§ DATASET EXCERPTS:
=== Begin Enclosure ===

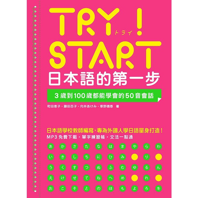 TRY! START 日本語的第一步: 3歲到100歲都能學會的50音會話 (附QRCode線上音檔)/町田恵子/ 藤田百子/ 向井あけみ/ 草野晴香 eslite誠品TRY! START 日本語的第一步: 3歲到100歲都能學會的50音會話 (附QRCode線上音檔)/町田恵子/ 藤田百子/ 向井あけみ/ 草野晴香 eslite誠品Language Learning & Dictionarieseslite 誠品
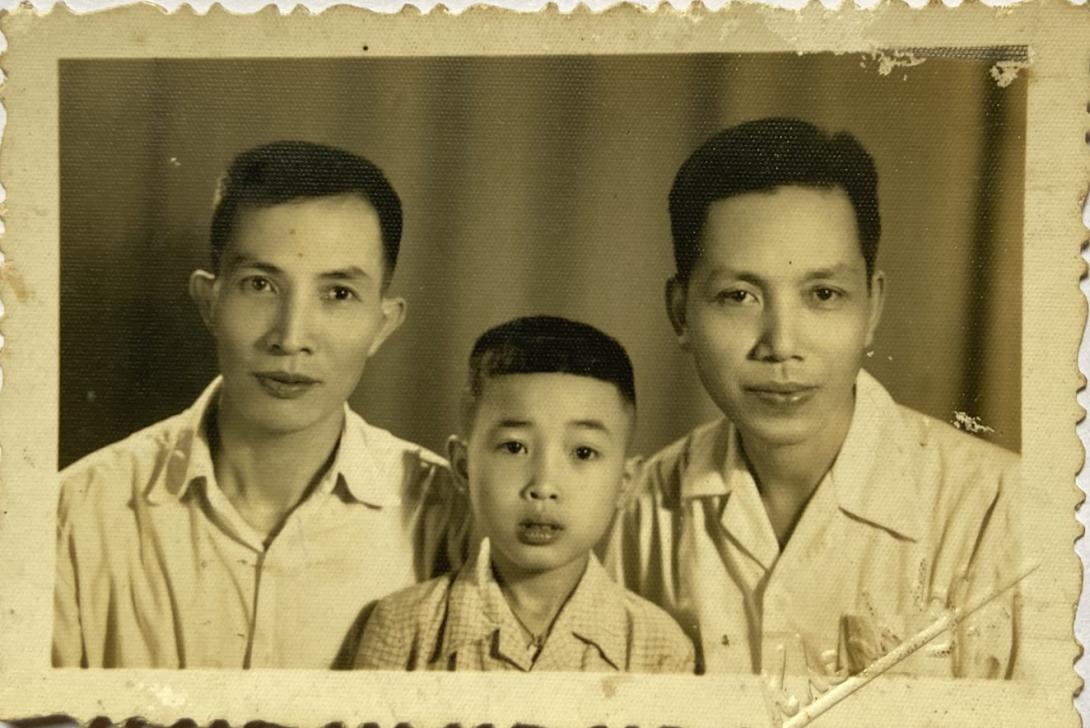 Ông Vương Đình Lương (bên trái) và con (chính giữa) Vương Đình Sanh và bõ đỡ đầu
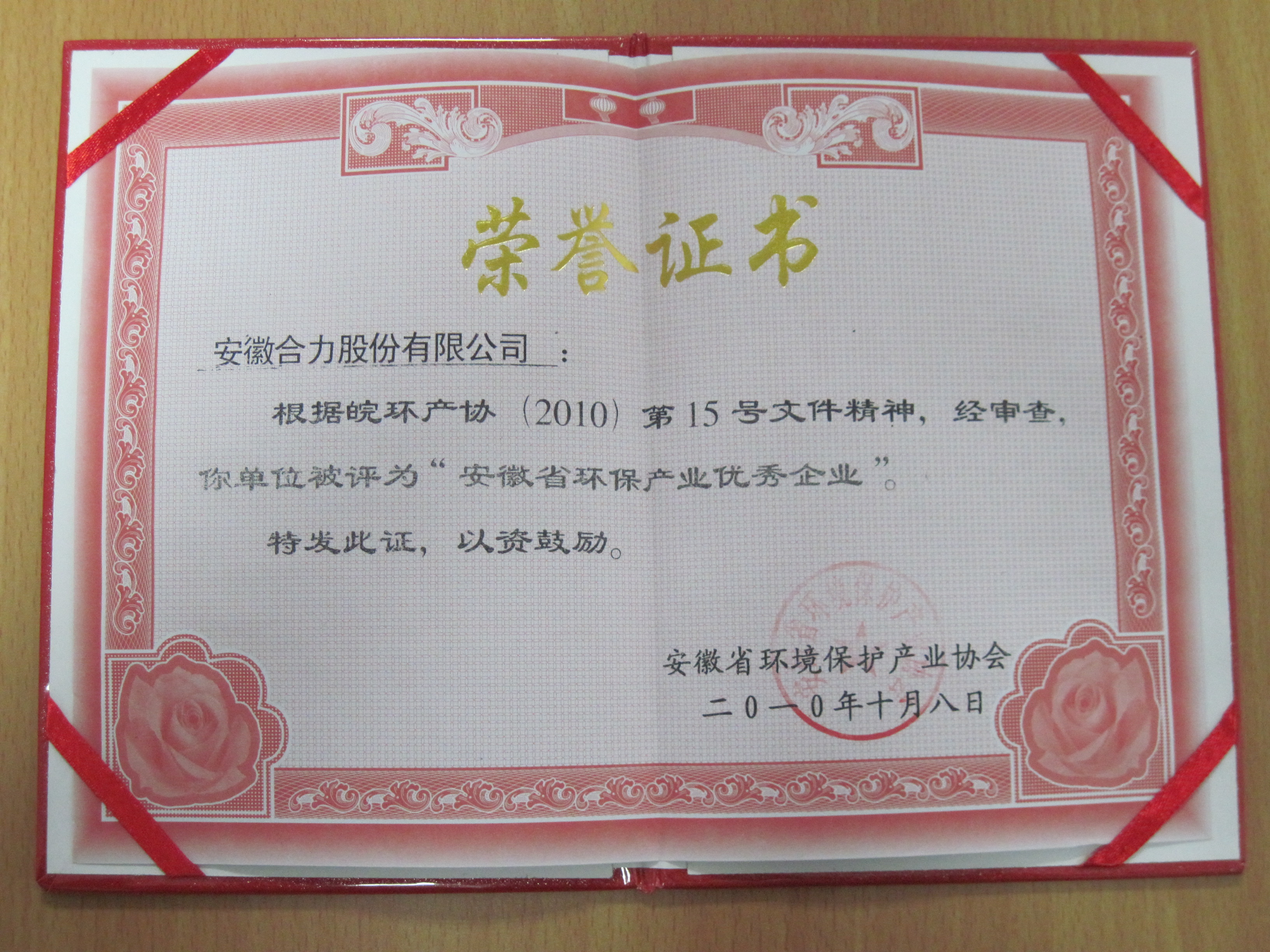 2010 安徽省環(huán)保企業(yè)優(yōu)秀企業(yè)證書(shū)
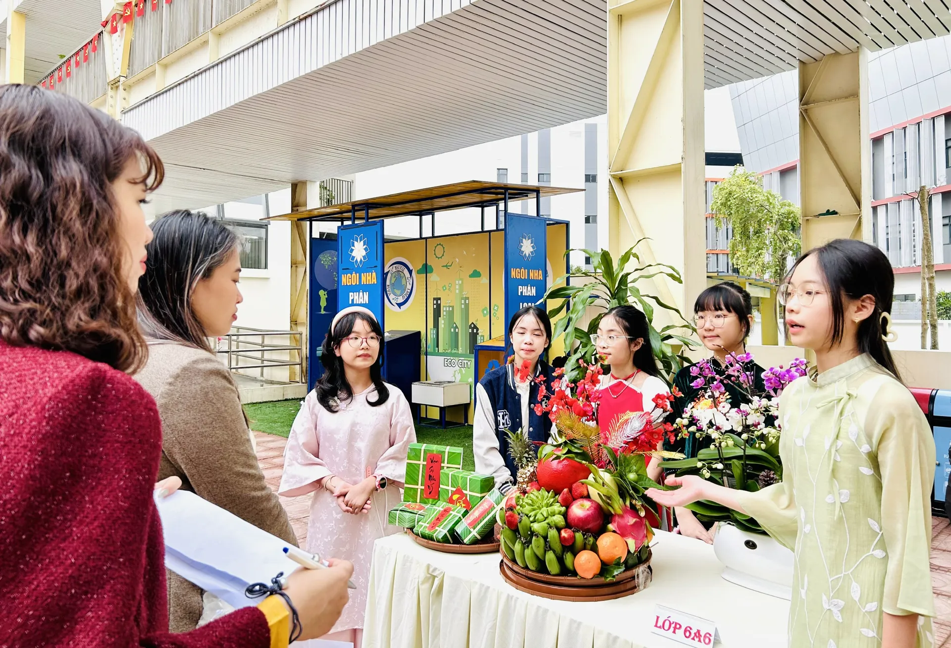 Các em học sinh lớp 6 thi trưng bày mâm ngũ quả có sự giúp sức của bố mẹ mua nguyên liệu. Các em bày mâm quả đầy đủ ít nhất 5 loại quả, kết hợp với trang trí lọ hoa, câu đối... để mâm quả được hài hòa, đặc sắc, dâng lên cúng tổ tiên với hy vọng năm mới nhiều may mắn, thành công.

=== End Enclosure ===
=== Begin Enclosure ===

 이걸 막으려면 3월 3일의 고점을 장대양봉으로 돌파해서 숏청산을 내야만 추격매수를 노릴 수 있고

=== End Enclosure ===

§ TO DO:
All that should appear in the answer is the lines above from the line with "Ông Vương Đình" through the line with "2010 安徽省環(huán", retyped exactly, pictures left out.

§ FINISHED TASK:
 Ông Vương Đình Lương (bên trái) và con (chính giữa) Vương Đình Sanh và bõ đỡ đầu
 2010 安徽省環(huán)保企業(yè)優(yōu)秀企業(yè)證書(shū)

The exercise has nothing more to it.